Uji penerbangan Starfall itu dilakukan SpaceX pada Selasa (23/6/2026). Wahana itu diluncurkan menggunakan roket Falcon 9 dari Space Launch Complex 40 (SLC-40), Pangkalan Angkatan Antariksa Amerika Serikat Cape Canaveral di Florida, AS. Demo terbang itu dilakukan untuk menunjukkan bahwa wahana tersebut bisa terbang secara terkontrol dan mampu bertahan dalam perjalanan kembali ke Bumi mengingat wahana pasti akan terbakar hebat saat menembus atmosfer Bumi.

Penerbangan demonstrasi itu, seperti dilaporkan Space.com, mengejutkan sejumlah penggemar antariksa karena SpaceX hanya sedikit mengungkapkan informasi tentang Starfall. Bahkan dalam siaran peluncuraannya, SpaceX hanya menayangkan acara tersebut di webnya sekitar 10 menit setelah lepas landas. Model siaran seperti ini biasanya dilakukan pada peluncuran yang memiliki kaitan erat dengan keamanan nasional.

Informasi detail tentang Starfall memang terbatas. Sumber informasi yang diperoleh pun umumnya dari sumber sekunder seperti laporan Badan Administrasi Penerbangan Federal (FAA) AS pada bulan Mei lalu yang menganalisis potensi dampak lingkungan dari dua uji masuk kembalinya Starfall ke atmosfer Bumi. Namun, tidak ada kejelasan dua uji masuk kembali ke atmosfer Bumi itu berlangsung kapan saja mengingat uji pada Selasa lalu juga tidak ada informasi jelas mengenai berapa unit Starfall yang diluncurkan dan masuk kembali ke atmosfer Bumi.

Baca JugaMenuju Era Pusat Data di Luar Angkasa

Berdasarkan dokumen FAA, Starfall adalah wahana luar angkasa yang berbentuk mirip cakram dengan tinggi 0,75 meter (m) dan diameter 3,1 m. Beratnya hanya 2.100 kilogram (kg) dan mampu membawa muatan hingga 1.000 kg.
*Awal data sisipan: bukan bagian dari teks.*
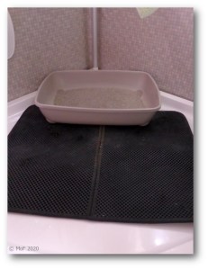Jag blev nästan gråtfärdig när jag såg eländet… Flera kilo kattsand låg utspridd i högar på olika delar av golvet. I och under duschkaret, på golvet och på mattorna.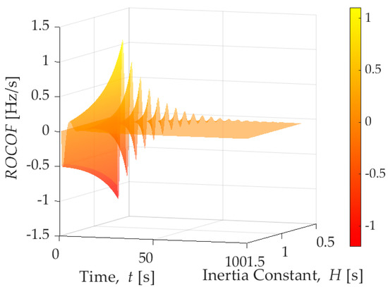 Rate-of-Change-of-Frequency (ROFOF in Hertz/s) in a single area power system, considering changes in the inertia H ∈ [0.5, 1.5] s.

Wahana ini dapat diluncurkan menggunakan dua roket andalan SpaceX, yaitu Falcon 9 dan roket baru Starship yang disiapkan untuk membawa manusia ke Bulan dan Mars.

Material penyusun Starfall terdiri atas dua bagian, yaitu pelat bagian atas yang terbuat dari alumunium dengan berat 1.400 kg dan perisai panas dari serat karbon yang bisa dilepas. Ruang kargo dilindungi pelat atas memiliki ruang dengan volume 2,5 m x 1,5 m x 0,5 m. Ukuran ruang yang kecil ini membuat Starfall tidak bisa membawa manusia, hanya untuk mengirimkan barang.

Luar angkasa telah lama dilirik sebagai tempat produksi chip dan serat optik generasi berikutnya karena lebih efisien dibandingkan jika produksi dilakukan di Bumi.

Sebelumnya, SpaceX telah memiliki wahana luar angkasa yang melayani pengiriman orang dan barang ke Stasiun Luar Angkasa Internasional (ISS) secara rutin, yaitu Dragon. Wahana ini memiliki tinggi 4,5 m dan diameter 4 m. Dragon dapat membawa muatan ke orbit rendah Bumi hingga 6.000 kg dan pulang kembali ke Bumi dengan muatan sebesar 3.000 kg.

Selain itu, pembeda lainnya adalah Starfall tidak memiliki sistem propulsi atau mesin jet pendorong seperti wahana luar angkasa pada umumnya. Wahana ini hanya memiliki sistem kontrol yang memungkinkan Starfall untuk melakukan manuver kontrol kecil, seperti mengarahkan pelindung panas wahana ke arah yang tepat sehingga wahana bisa memasuki kembali atmosfer Bumi dengan aman.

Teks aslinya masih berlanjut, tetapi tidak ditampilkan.